*EXERCISE OBJECTIVE*
No pictures should be carried over. Output all other parts of the entries verbatim.

Dataset entries
---+---

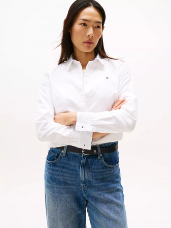 Tommy Hilfiger women's shirt. Shirting made with Oxford cloth is soft, breathable, and durable. Our version is made from organic cotton with a hint of stretch. Any way you wear it, our comfortable, lightweight button-up is the cornerstone of versatile and effortless ensembles.
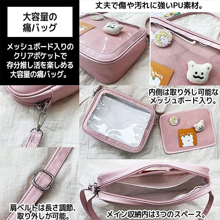 片面がクリアポケットになっており、推しグッズを入れて思う存分推し活を楽しめる大容量の痛バッグです。
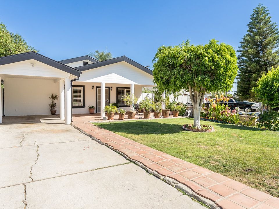 Don't miss out on the opportunity to own this beautiful 4 bedroom and 3 bathroom Lakeview Terrace. Inside features include tile flooring, recessed lighting, crown moldings, window shutters, storage space and more. Bright and modern kitchen with granite countertops, stainless steel appliances, plus beautiful white cabinets. Laundry area inside! Bedrooms are bright and spacious. Each one has laminate flooring, recessed lighting and a large closet. Primary bedroom comes with its own bathroom equipped with a double sink vanity and a stand up shower. Outside presents a lush green yard that includes a lemon tree and tons of privacy. The yard has a huge open patio and a covered patio where you can add outdoor seating. the yard is perfect for relaxing after a long day or for hosting gatherings at home on the weekends. 2-car covered carport parking. Near the 210-freeways. Close to the Hansen Dam Aquatic Center, the Golf Course and Horse Park. Welcome home!
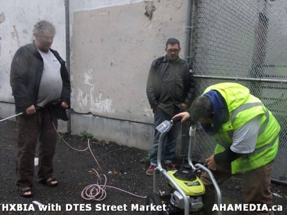> HXBIA and DTES Street Market test a power washer and leaf blower in Vancouver > 32 AHA MEDIA at HXBIA Tool in Vancouver
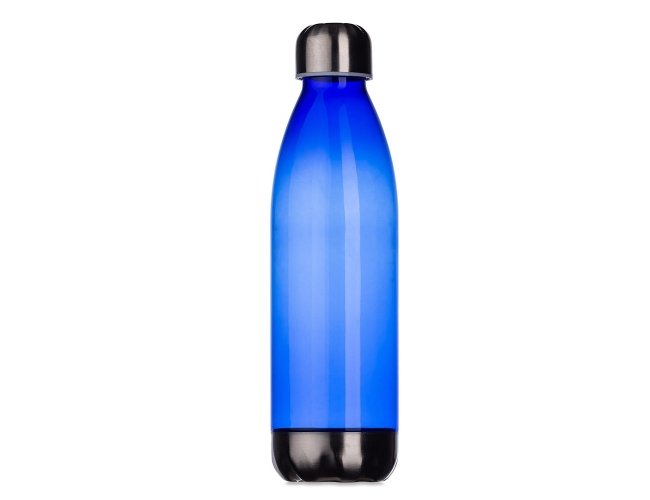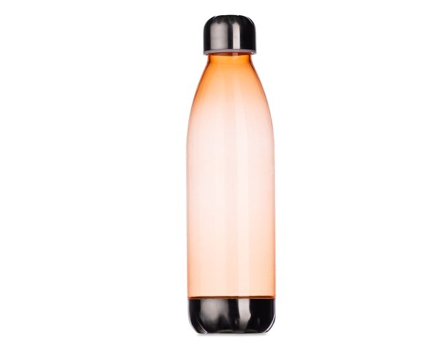 Squeeze plástico 700ml formato garrafa. Corpo transparente colorido, possui tampa e base em alumínio.
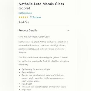🆕 Anthropologie Nathalie Lete Marais Goblet SOLD OUT
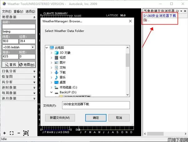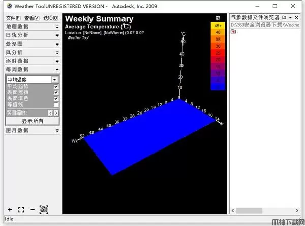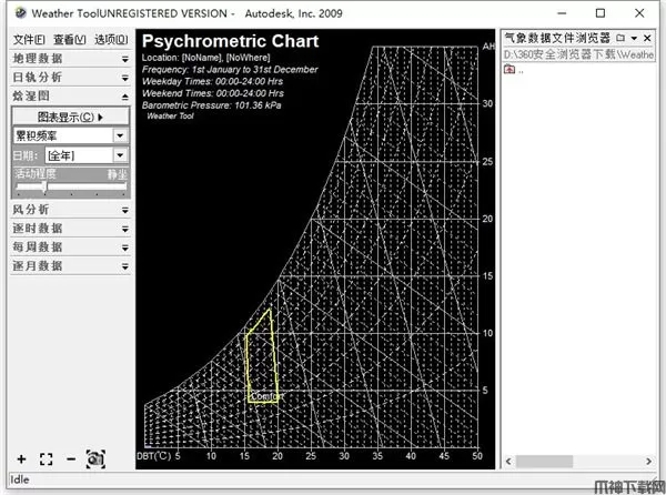 Weather Tool中文版还能提供常规气象数据查看和其数据转换,为了能够将用户更好的分析各种情况,你也可手动导入TMY、TMY2、TRY和DAT等气象数据格式。包括地理位置数据、日轨分析、焓湿图分析、风分析、逐时数据分析、逐周数据分析及逐月数据分析等功能模块,能够实现对能源效率及可持续设计完善的流程控制,节省时间和成本,提高建筑生态模拟效果,带给用户高效的分析体验。
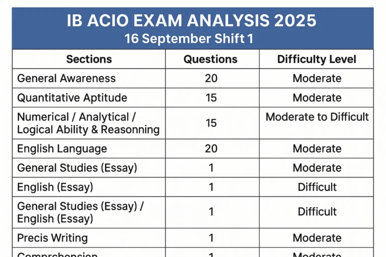 IB ACIO Exam Analysis 2025: 16 September Shift 1 Questions, Difficulty Level और Complete ReviewExam By Rohit Saini / September 16, 2025

---+---

*EXERCISE ANSWER*
 Tommy Hilfiger women's shirt. Shirting made with Oxford cloth is soft, breathable, and durable. Our version is made from organic cotton with a hint of stretch. Any way you wear it, our comfortable, lightweight button-up is the cornerstone of versatile and effortless ensembles.
 片面がクリアポケットになっており、推しグッズを入れて思う存分推し活を楽しめる大容量の痛バッグです。
 Don't miss out on the opportunity to own this beautiful 4 bedroom and 3 bathroom Lakeview Terrace. Inside features include tile flooring, recessed lighting, crown moldings, window shutters, storage space and more. Bright and modern kitchen with granite countertops, stainless steel appliances, plus beautiful white cabinets. Laundry area inside! Bedrooms are bright and spacious. Each one has laminate flooring, recessed lighting and a large closet. Primary bedroom comes with its own bathroom equipped with a double sink vanity and a stand up shower. Outside presents a lush green yard that includes a lemon tree and tons of privacy. The yard has a huge open patio and a covered patio where you can add outdoor seating. the yard is perfect for relaxing after a long day or for hosting gatherings at home on the weekends. 2-car covered carport parking. Near the 210-freeways. Close to the Hansen Dam Aquatic Center, the Golf Course and Horse Park. Welcome home!
> HXBIA and DTES Street Market test a power washer and leaf blower in Vancouver > 32 AHA MEDIA at HXBIA Tool in Vancouver
 Squeeze plástico 700ml formato garrafa. Corpo transparente colorido, possui tampa e base em alumínio.
🆕 Anthropologie Nathalie Lete Marais Goblet SOLD OUT
 Weather Tool中文版还能提供常规气象数据查看和其数据转换,为了能够将用户更好的分析各种情况,你也可手动导入TMY、TMY2、TRY和DAT等气象数据格式。包括地理位置数据、日轨分析、焓湿图分析、风分析、逐时数据分析、逐周数据分析及逐月数据分析等功能模块,能够实现对能源效率及可持续设计完善的流程控制,节省时间和成本,提高建筑生态模拟效果,带给用户高效的分析体验。
 IB ACIO Exam Analysis 2025: 16 September Shift 1 Questions, Difficulty Level और Complete ReviewExam By Rohit Saini / September 16, 2025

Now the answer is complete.